» ABOUT THIS TASK: With every picture left out, give the data below back exactly.

» INFORMATION SUPPLIED:
-=-=-=-=-

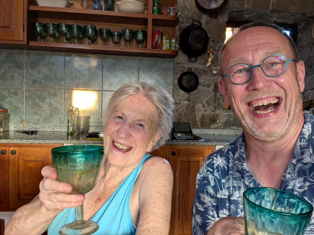 Giorgio, directeur de l’Intequi et fêtard insatiable et elle au four et au moulin pour recevoir constamment des gens de tous horizons, préparer des fêtes débridées où la joie de vivre puisait notamment sa force dans les multiples épreuves terribles qu’ils avaient traversées tout au long de leurs vies chahutée par les guerres, les persécutions de la dictature, l’exil, des deuils violents et la gnaque de toujours refuser la résignation. Respect absolu. Giorgio n’est plus. Mary s’est retirée dans une maison perchée sur une colline à El Volcán, vue sur le lac. Il n’est pas sûr qu’elle veuille voir qui que ce soit. Ses amis ne la voient plus. Je tente. Un appel sans décrocher mais un texto « Quién sos?« . Je réponds qui je suis, quelques photos d’époque à l’appui. Elle m’invite à passer après 18h quand la température aura baissé un peu (pas tant que ça, le temps est toujours un peu instable et orageux). Encore des retrouvailles fortes en émotion. On évoque le passé mais ne nous attardons pas trop sur les disparu car cela lui fait mal. Elle préfère rire et penser au présent. Elle rit beaucoup. Elle semble revivre dans le monde après des années d’une vie d’ermite à moins que ce soit un autre exil plus intérieur. On cuisine ensemble (comme en 92), on mange, on siffle une bouteille de Chardonnay qui fait du bien. On trinque et on retrinque toutes les cinq minutes « aux disparus », « aux vivants », « aux amis », « Joyeux Noël », « aux enfants », « bon anniversaire », « au future », « au présent » puis on recommence pour ponctuer les discussions sur les boludos du gouvernements qui ne font que des huevadas, ces hijos de la gran puta que lo parió, che… etc la corruption, tout y passe, même une conversation sur Sylvester Stallone dont elle s’est découverte admiratrice. Ben la Mary que je pensais trouver à la totale ramasse, elle a encore du répondant dans son petit corps flétri de 82 hivers et 83 printemps. Quelle soirée de ouf.
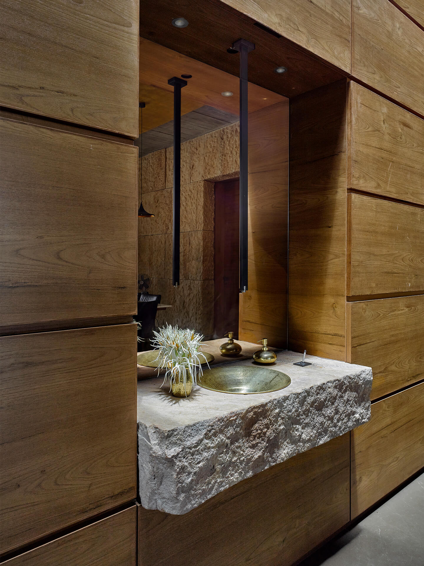 Zwei Baukörper unterschiedlicher Höhen mit einem Kubus als Kernstück ordnen sich L-förmig auf dem Gelände an. Sie bilden die geradlinige Silhouette des modernen Sichtbeton- und Natursteinbaus, der durch seine spannungsvolle Höhenstaffelung aus jeder Perspektive immer wieder neu erstrahlt. Die unbearbeitete, leicht schroffe Betonfassade wirkt dank großer Fensterflächen luftig und einladend. Gezielt eingesetzte Holzelemente verleihen dem minimalistischen Äußeren der Residenz freundliche Wärme. Zudem nehmen rechteckige Aussparungen in der Fassade und seitliche Fensterbänder dem Gebäude die Schwere. Natürlichkeit strahlt auch der handgeschlagene, goldfarbene Sandstein aus Rajasthan aus, der den vorderen Teil des Hauses umgibt. Die raue Natursteinfassade fügt sich aus Blöcken unterschiedlicher Breiten zusammen und begleitet den Besucher vom Eingang ins Innere des Hauses, entfaltet sich hier um den Funktionsblock der Küche und führt im Essbereich wieder nach draußen auf die Veranda.
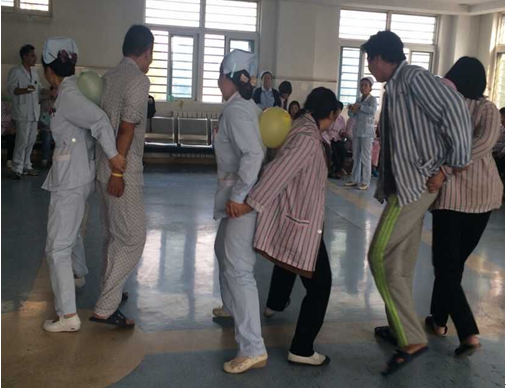 联谊会开始后,当女病人们在护士陪伴下来到精神一科和二科活动大厅的时候,男病人们手持气球站成两排,齐声欢呼:“欢迎,欢迎,热烈欢迎”,会场的气氛一下就欢腾热闹起来。护士们忙着为大家分发各种小食品,病人们边吃边看表演,有男女独唱、大合唱、诗朗诵、舞蹈一个比一个精彩,在男病人独唱的时候,几个能歌善舞的女病人热情的上场伴舞,歌声、笑声、掌声此起彼伏。在大家兴致最高的时候,护士们带着病人一起做趣味游戏、跳集体舞,活动大厅里洋溢着甜甜的笑声、暖暖的情谊……
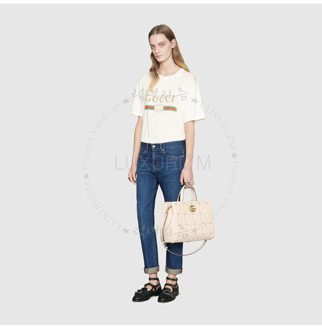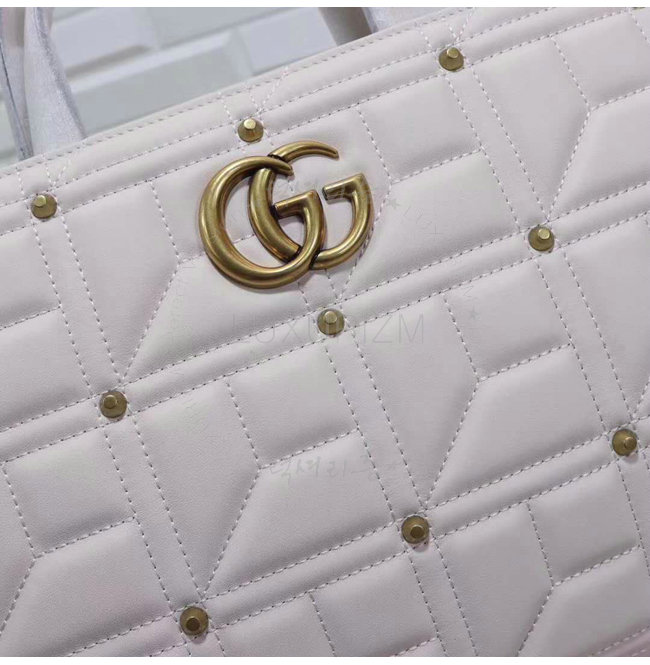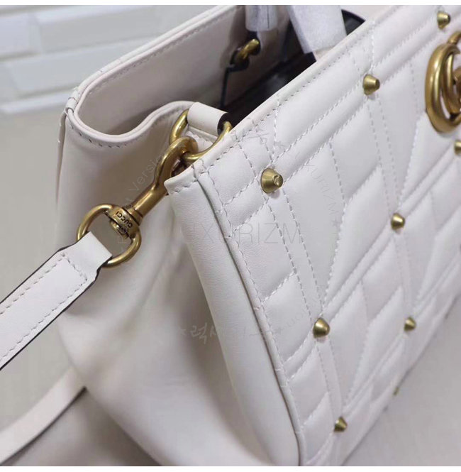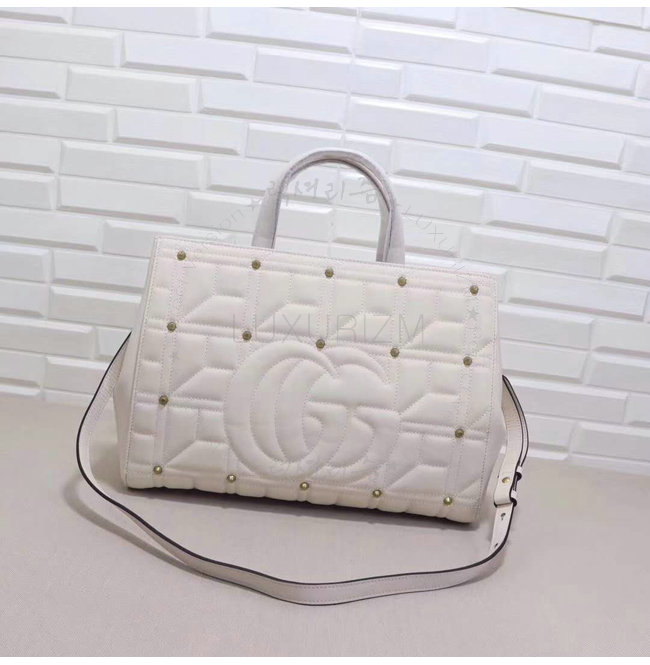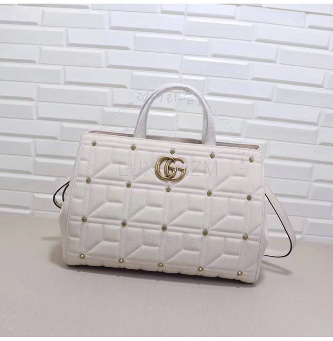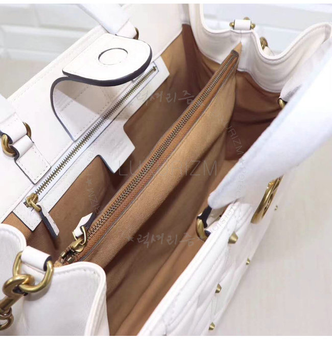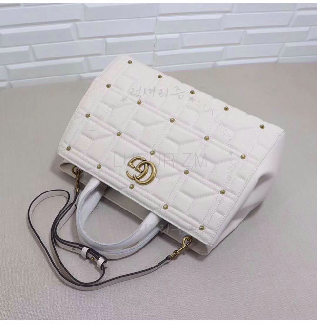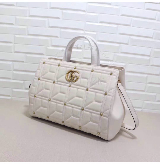 [스페셜오더]GUCCI-443505 9022 구찌 화이트 마틀라세 가죽 스터드 장식 탑 핸들 백

-=-=-=-=-

» RESPONSE BELOW:
 Giorgio, directeur de l’Intequi et fêtard insatiable et elle au four et au moulin pour recevoir constamment des gens de tous horizons, préparer des fêtes débridées où la joie de vivre puisait notamment sa force dans les multiples épreuves terribles qu’ils avaient traversées tout au long de leurs vies chahutée par les guerres, les persécutions de la dictature, l’exil, des deuils violents et la gnaque de toujours refuser la résignation. Respect absolu. Giorgio n’est plus. Mary s’est retirée dans une maison perchée sur une colline à El Volcán, vue sur le lac. Il n’est pas sûr qu’elle veuille voir qui que ce soit. Ses amis ne la voient plus. Je tente. Un appel sans décrocher mais un texto « Quién sos?« . Je réponds qui je suis, quelques photos d’époque à l’appui. Elle m’invite à passer après 18h quand la température aura baissé un peu (pas tant que ça, le temps est toujours un peu instable et orageux). Encore des retrouvailles fortes en émotion. On évoque le passé mais ne nous attardons pas trop sur les disparu car cela lui fait mal. Elle préfère rire et penser au présent. Elle rit beaucoup. Elle semble revivre dans le monde après des années d’une vie d’ermite à moins que ce soit un autre exil plus intérieur. On cuisine ensemble (comme en 92), on mange, on siffle une bouteille de Chardonnay qui fait du bien. On trinque et on retrinque toutes les cinq minutes « aux disparus », « aux vivants », « aux amis », « Joyeux Noël », « aux enfants », « bon anniversaire », « au future », « au présent » puis on recommence pour ponctuer les discussions sur les boludos du gouvernements qui ne font que des huevadas, ces hijos de la gran puta que lo parió, che… etc la corruption, tout y passe, même une conversation sur Sylvester Stallone dont elle s’est découverte admiratrice. Ben la Mary que je pensais trouver à la totale ramasse, elle a encore du répondant dans son petit corps flétri de 82 hivers et 83 printemps. Quelle soirée de ouf.
 Zwei Baukörper unterschiedlicher Höhen mit einem Kubus als Kernstück ordnen sich L-förmig auf dem Gelände an. Sie bilden die geradlinige Silhouette des modernen Sichtbeton- und Natursteinbaus, der durch seine spannungsvolle Höhenstaffelung aus jeder Perspektive immer wieder neu erstrahlt. Die unbearbeitete, leicht schroffe Betonfassade wirkt dank großer Fensterflächen luftig und einladend. Gezielt eingesetzte Holzelemente verleihen dem minimalistischen Äußeren der Residenz freundliche Wärme. Zudem nehmen rechteckige Aussparungen in der Fassade und seitliche Fensterbänder dem Gebäude die Schwere. Natürlichkeit strahlt auch der handgeschlagene, goldfarbene Sandstein aus Rajasthan aus, der den vorderen Teil des Hauses umgibt. Die raue Natursteinfassade fügt sich aus Blöcken unterschiedlicher Breiten zusammen und begleitet den Besucher vom Eingang ins Innere des Hauses, entfaltet sich hier um den Funktionsblock der Küche und führt im Essbereich wieder nach draußen auf die Veranda.
 联谊会开始后,当女病人们在护士陪伴下来到精神一科和二科活动大厅的时候,男病人们手持气球站成两排,齐声欢呼:“欢迎,欢迎,热烈欢迎”,会场的气氛一下就欢腾热闹起来。护士们忙着为大家分发各种小食品,病人们边吃边看表演,有男女独唱、大合唱、诗朗诵、舞蹈一个比一个精彩,在男病人独唱的时候,几个能歌善舞的女病人热情的上场伴舞,歌声、笑声、掌声此起彼伏。在大家兴致最高的时候,护士们带着病人一起做趣味游戏、跳集体舞,活动大厅里洋溢着甜甜的笑声、暖暖的情谊……
 [스페셜오더]GUCCI-443505 9022 구찌 화이트 마틀라세 가죽 스터드 장식 탑 핸들 백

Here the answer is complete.